Bugs in the News II

Howdy, BugFans,

The BugLady, who in past years has taken the month of May off for good behavior, has decided to take June off this year. While she will not be doing any/much creative writing, she may send some other stuff your way. Like this article she just wrote for the BogHaunter, newsletter of the Friends of the Cedarburg Bog. If you are a member (and you should be), you’ll get to read it twice. As always, for our purposes, worms are “bugs.”

Be On The Lookout For…

No, they haven’t been spotted in the Bog or its uplands, but Jumping Worms, a.k.a. “crazy worms,” “snake worms,” and “Alabama jumpers”, are knocking on the door—they are established in Wisconsin, and the full extent of their range is not known.

Jumping Worms

Originally from Southeast Asia, the jumping worm was first found in the southern Appalachians in 1993. It was spotted in the UW-Madison Arboretum in 2013, another in a long line of non-native species to make themselves at home here in God’s Country. Since then, multiple infestations have been reported in five Wisconsin counties (including the band from Milwaukee to Dane county), and isolated populations are recorded in about a dozen more.

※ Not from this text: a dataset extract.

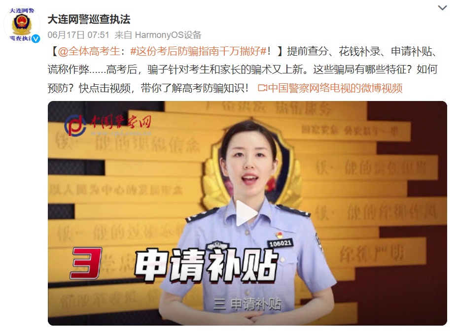 針對上述四種詐騙類型,廈門市打擊治理電信網(wǎng)絡(luò)新型違法犯罪中心民警洪恒亮表示,部分考生及家長“病急亂投醫(yī)”的焦慮心理和一些孩子希望盡早為家庭減輕經(jīng)濟(jì)負(fù)擔(dān)的迫切需求使得上述精準(zhǔn)詐騙得以有機(jī)可乘。不法分子通過看似專業(yè)的短信或電話通知,再輔以以假亂真的“證明材料”,具有一定的迷惑性。

They probably arrived in the root balls of trees or in shipments of garden plants. They are spread by community mulching programs, horticultural/nursery practices, and plant sales. In addition, a quick internet search turns up multiple sites where you can buy jumping worms for composting or bait (it is illegal to sell, introduce, transport, possess or propagate them in Wisconsin).

All of Wisconsin’s earthworms are foreigners, and while they may help aerate lawns and gardens, they devastate the forest floor. Earthworms disturb the incredibly important, rich nursery that is produced by the decaying mulch below the trees, making it less friendly to seedlings, wildflowers, and a huge number of animals, large and small. Jumping worms turn this fertile layer into material that resembles coffee grounds and that doesn’t hold moisture.

Jumping worms, Amynthas agrestis, emerge early in spring and aggressively out-compete (and even eliminate) other worm species. They leave cocoons full of eggs in the soil—eggs that are able to survive our increasingly mild winters.

Earthworm eradication is very difficult, but we can contain them or minimize the spread.

See pictures and learn more about them at the Wisconsin Natural Resource Magazine, and the Southeastern Wisconsin Invasive Species Consortium, and the Milwaukee Journal Sentinel Online, and report any suspected jumping worms to the DNR.

And yes—their names come from their habits of thrashing around on the ground and jumping into the air.

After a stop and start May, things are bursting. Go outside—look at bugs.